Но Белларион считал, что время для откровенности еще не настало.
— Графиня владеет не только землями, но и огромным состоянием, оцениваемым в четыреста тысяч дукатов. Вашему высочеству потребуются деньги на содержание огромной армии под Бергамо, а ресурсов вашей казны едва ли хватит для этого. Конечно, можно увеличить налоги. Но, мне думается, вашему высочеству прекрасно известно, какими осложнениями подобная мера грозит для принца, вступающего на новый престол. И у графини в избытке имеются не только земли и нужные вам деньги, — все капитаны армии Фачино поклялись в верности ей.
— Мессер Белларион, вы начинаете повторяться.
Белларион взглянул на него и улыбнулся.
— Я думаю, никогда прежде не случалось принцу вести к алтарю более богатую невесту.
— Невесту? — у Филиппе Марии отвисла челюсть, и он с неподдельным ужасом уставился на Беллариона.
— Разве это не лучшее решение, ваше высочество? Разве вы удовлетворитесь одним лишь согласием графини помочь вам, когда сможете с полным правом и по своему собственному усмотрению распоряжаться всеми ее средствами?
Принц закрыл наконец-то свой рот, медленно облизал пересохшие губы и злобно прищурил на него свои маленькие хитрые глазки.
— Вы предлагаете мне жениться на вдове Фачино, которая вдвое старше меня? — медленно, словно взвешивая каждое слово, проговорил он.
Белларион расхохотался.
— Что вы, ваше высочество! Как могу я делать такие предложения! Я даже не знаю, что синьора скажет на это. Но если ей захочется стать герцогиней, она найдет способ сделать вас герцогом.

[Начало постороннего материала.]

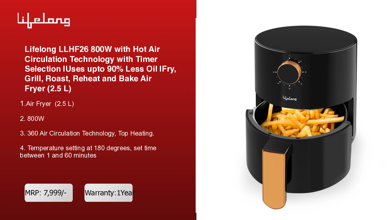 Lifelong 800W with Hot Air Circulation Technology with Timer Selection |Uses upto 90% Less Oil |Fry, Grill, Roast, Reheat and Bake Air Fryer (2.5 L)

Филиппе Мария обессиленно откинулся на спинку своего кресла. На его лбу выступили крупные капли пота, и он смахнул их тыльной стороной ладони. Затем он задумался, поглаживая многочисленные складки своего огромного подбородка, и в его тусклых глазах постепенно начал появляться блеск.
Наконец граф вновь протянул руку к колокольчику, и на этот раз Белларион уже не стал вмешиваться — он догадался, что алчность и похоть взяли верх в душе этого тучного, застенчивого юноши.
Он откланялся и ушел, унося в своем сердце горечь от осознания того, как дорого могут обойтись женщине ее неуемное тщеславие и распущенность. Однако он считал, что выполнил свою задачу: она получит то, чего так добивалась, и это будет ей наказанием.
Глава VII. ПРИНЦ ВАЛЬСАССИНА
Как Белларион предполагал, так оно и случилось: на двадцать втором году жизни Филиппе Мария обвенчался с тридцатидевятилетней овдовевшей графиней Бьяндратской. Амбиции, однажды уже подтолкнувшие ее выйти замуж за человека вдвое старше ее, вновь заставили ее согласиться на неравный брак — на этот раз с юнцом почти вдвое ее моложе. И самое печальное заключалось в том, что у нее не хватило мудрости предвидеть осложнения, которыми чревата подобная разница в возрасте; ей даже не пришло в голову, что претензии, которые она высказывала на этот счет Фачино, однажды будут в полной мере возвращены ей этим хитрым, скрытным и жестоким принцем, в чье полное распоряжение она столь опрометчиво отдала себя и свои обширные владения.
Тщетно Эсторре Висконти пытался не допустить на узурпированный им престол законного наследника. Филиппе Мария и Карманьола, возглавивший семитысячную армию, подошли к Милану, а Белларион остался осаждать Бергамо. Торопясь поскорее сломить сопротивление Малатесты, он предложил тому почетную сдачу и выход из города с оружием в руках. Малатеста согласился и, оставив в Бергамо сильный гарнизон во главе с надежным командиром, Белларион поспешил со своей армией присоединиться к Филиппе Марии.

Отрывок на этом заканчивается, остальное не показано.